▶ [To do]: Find "(dBA) | Curve |" below and begin at its line; stop after the line with "De actuele openingstijden". Output those lines exactly, without pictures.

▶ [Task input]:
++++++++++++++++++++
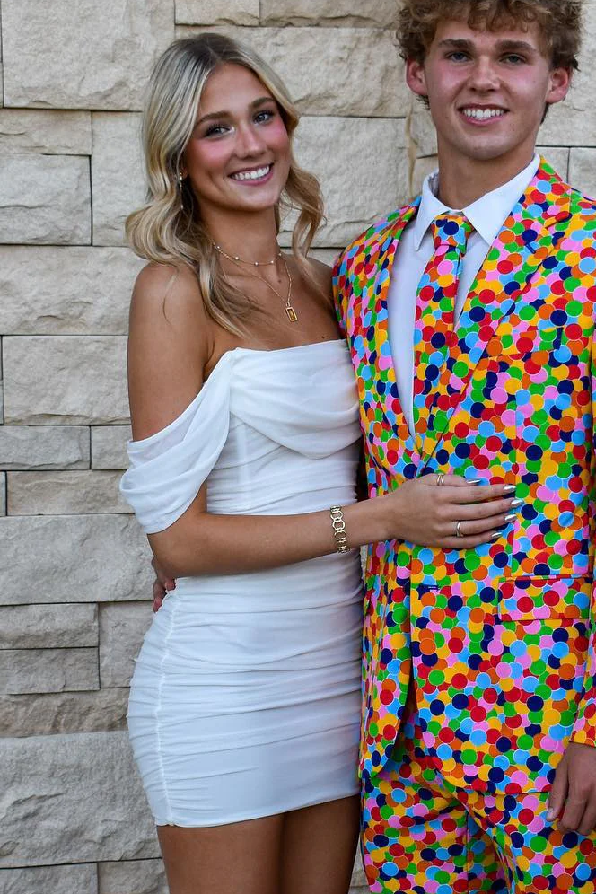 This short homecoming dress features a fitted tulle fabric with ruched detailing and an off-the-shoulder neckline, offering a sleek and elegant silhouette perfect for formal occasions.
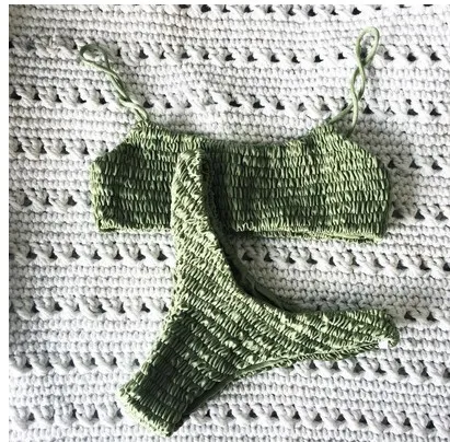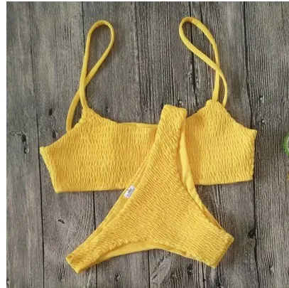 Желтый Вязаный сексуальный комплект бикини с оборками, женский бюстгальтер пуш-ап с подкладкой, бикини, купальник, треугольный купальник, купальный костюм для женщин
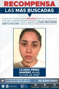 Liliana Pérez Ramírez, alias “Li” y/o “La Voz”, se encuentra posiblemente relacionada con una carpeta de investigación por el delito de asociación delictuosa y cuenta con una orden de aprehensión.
++++++++++++++++++++
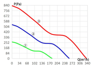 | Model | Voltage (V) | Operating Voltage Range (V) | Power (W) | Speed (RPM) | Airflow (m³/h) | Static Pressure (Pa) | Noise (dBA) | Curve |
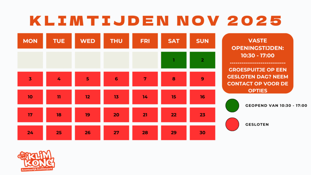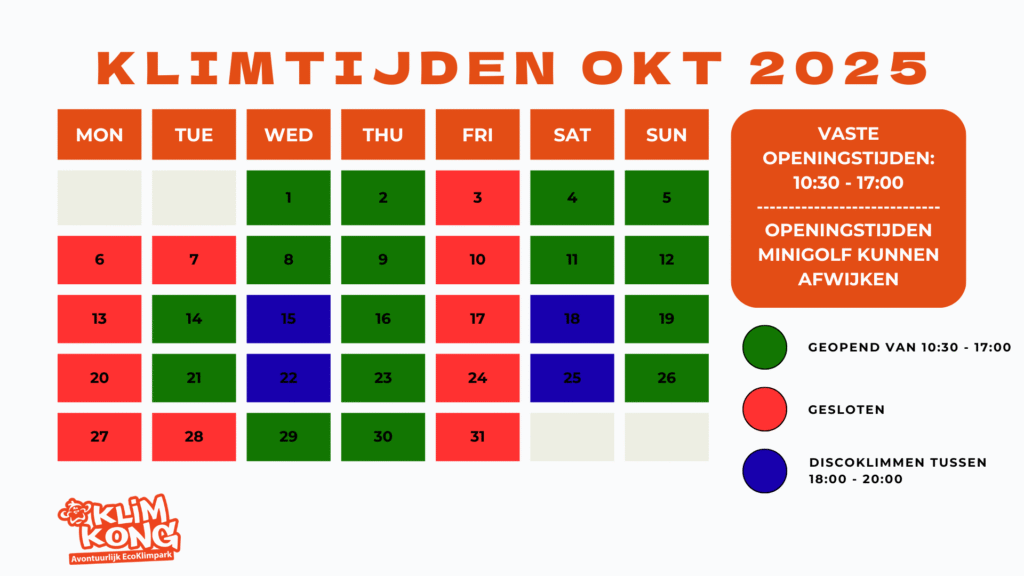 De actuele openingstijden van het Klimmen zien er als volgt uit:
++++++++++++++++++++
▶ [Output for this exercise]:
 | Model | Voltage (V) | Operating Voltage Range (V) | Power (W) | Speed (RPM) | Airflow (m³/h) | Static Pressure (Pa) | Noise (dBA) | Curve |
 De actuele openingstijden van het Klimmen zien er als volgt uit:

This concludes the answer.